Sesquiterpene lactones (STL) are a diverse group of specialized plant metabolites, particularly characteristic to the Asteraceae family, which contain a C15 backbone and an α-methylene γ-lactone ring1. Recently, the enzymatic steps leading to the basic 6,7-cis and 7,8-trans STL structures, such as costunolide (1) and inunolide, have been described. In this context, Liu et al.2 discovered the enzyme TpPTS/CYP71CA1 which can convert costunolide (1) to parthenolide (8) and Frey et al.3 found the biosynthetic pathway for the formation of eupatolide (8β-hydroxylated costunolide, (6)) from costunolide (Fig. 1). Thus, pathway reconstructions in heterologous hosts have confidently characterized the biosynthetic steps necessary for the biosynthesis of a set of basic STL core skeletons, which can serve as lead structures of many pharmaceutically interesting compounds. At the same time, diverse costunolide derivatives in the Asteraceae family show that this plant family holds the catalytic potency to introduce many stereospecific hydroxylations4. Liu et al.2 also discovered the enzyme Tp8878/CYP71CB1 which can introduce a 3β-group to either costunolide (1) or parthenolide (8), leading to 3β-hydroxycostunolide (2) or 3β-hydroxyparthenolide (9), respectively. With the basic pathway to STL core skeletons being identified, it is possible to characterize the next steps towards the decorations of the above-mentioned core skeletons. The introduction of a 14-hydroxy-group on the costunolide skeleton for example, can lead to the synthesis of several compounds with demonstrated pharmacological activities, such as 8β,14-dihydroxycostunolide (7)5, taraxinic acid (4)6 and 14-hydroxyparthenolide (10)7. Tyagi et al.7 converted parthenolide to 9β-hydroxyparthenolide (11) and 14-hydroxyparthenolide, (10) by modifying the bacterial enzyme CYP102A1, allowing the introduction of side chains on the core structure to improve the water solubility without reducing the bioactivity of parthenolide.

Figure 1
figure 1

Derivatives of costunolide. A selection of costunolide derivatives found in Asteraceae plant species and biotechnologically produced by expression of cytochrome P450 enzymes with hydroxylations at positions C3, C8, C9 and C14 and epoxidation at C4-C5. Note: The 1(10) double bond is E for compounds 1, 2, 5, 6, 8, 9 and 11. Due to a change in substituent priority in compound 3, 4, 7 and 10 the 1(10) double would be defined as Z according to IUPAC nomenclature, however, in the literature the germacranolide backbone is predominantly defined as a 1(10)4(5)-(E,E)diene, regardless of the substituent.
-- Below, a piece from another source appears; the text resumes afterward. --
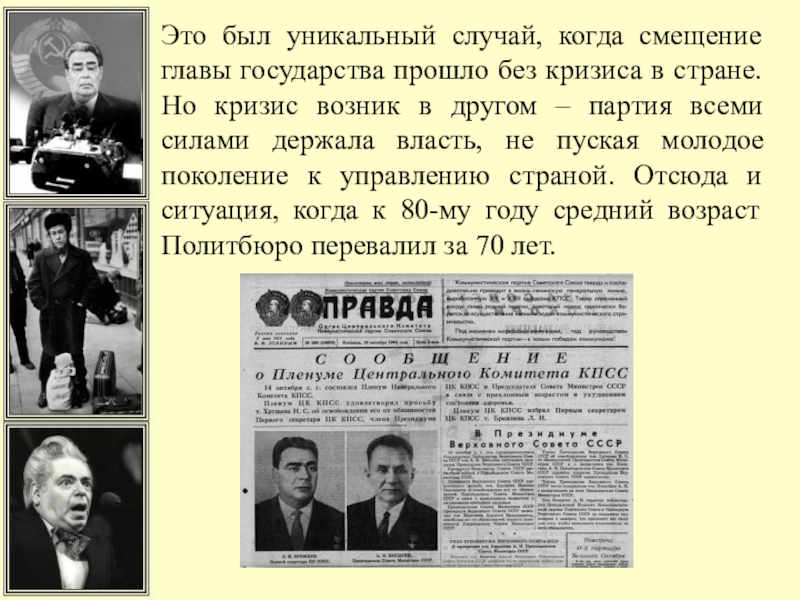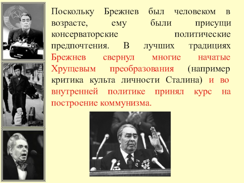 Слайд 15Поскольку Брежнев был человеком в возрасте, ему были присущи консерваторские политические

Recently, cytochrome P450 enzymes from several metabolic pathways have been reported to be arranged in gene clusters8. For cytochrome P450 enzymes in sesquiterpenoid pathways of Asteraceae, similar substrates and reaction types appear to be linked to specific subfamilies, such as the multi-step oxidation of un-oxidized sesquiterpenes in the CYP71AV1 subfamily or the use of germacrene A acid as a substrate in the CYP71BL subfamily3. In this paper we present the elucidation of cytochrome CYP71AX36 a 14-hydroxylase from Helianthus annuus in yeast and Nicotiana benthamiana, that is co-localized with other CYP71AX genes in a gene cluster on chromosome five.

Results and Discussion

CYP71AX36 converts costunolide to 14-hydroxycostunolide in yeast

The cDNAs of nine cytochrome P450 candidate genes previously identified in capitate glandular trichome transcripts3,9 were cloned into yeast expression vectors as previously described3. The well-established yeast expression system using the FPP-overproducing yeast strain EPY3009,10 was used to assess the catalytic activity of these 9 candidate P450 cDNAs. In EPY300 background, the cDNAs responsible for the biosynthesis of STL skeletons (germacrene A acid, 8β-hydroxygermacrene A acid or costunolide) cloned in the vector pESC-Leu2d were co-expressed together with individual CYP candidate cDNA cloned in the vector pESC-Ura. This system supplies substrates in vivo and enabled us to examine the catalytic activities of the selected CYP enzymes (Supplementary Fig. S1). All candidates were tested for oxygenation activities of germacrene A acid, 8β-hydroxy-germacrene A acid and costunolide as previously described3. With the exception of CYP71AX36, no new enzyme product was detected. Expression of CYP71AX36 in the yeast strain producing costunolide (EPY300-Leu2d-GAS/GAO/CR/LsCOS|Ura-CYP71AX36) resulted in a new peak (peak 1) on the HPLC chromatogram in comparison to the control experiment (EPY300-Leu2d-GAS/GAO/CR/LsCOS|Ura-empty) (Fig. 2a). Peak 1 had a retention time of 5.6 min and a λmax of 210 nm with a UV-Vis spectrum, typical for STLs. LC-MS analysis of this compound showed a mass of [M + H]+ = 249.2, corresponding to the mass of mono-hydroxylated costunolide (C15H20O3) (Fig. 2b). A fragment of [M + H − H2O]+  = 231.3, resulting from the loss of one water molecule, further corroborated that a single oxygen was incorporated to the costunolide backbone.

Figure 2
figure 2

Characterization of CYP71AX36 yeast. Comparison of yeast strain [EPY300-Leu2d-GAS/CR/GAO/LsCOS|Ura- CYP71AX36] (n = 4) with control [EPY300-Leu2d-GAS/CR/GAO/LsCOS|Ura-empty] (n = 4). (a) DAD chromatogram, with peak a at 5.58 min. (b) MS2 spectrum of peak a. (c) Reaction catalyzed by CYP71AX36.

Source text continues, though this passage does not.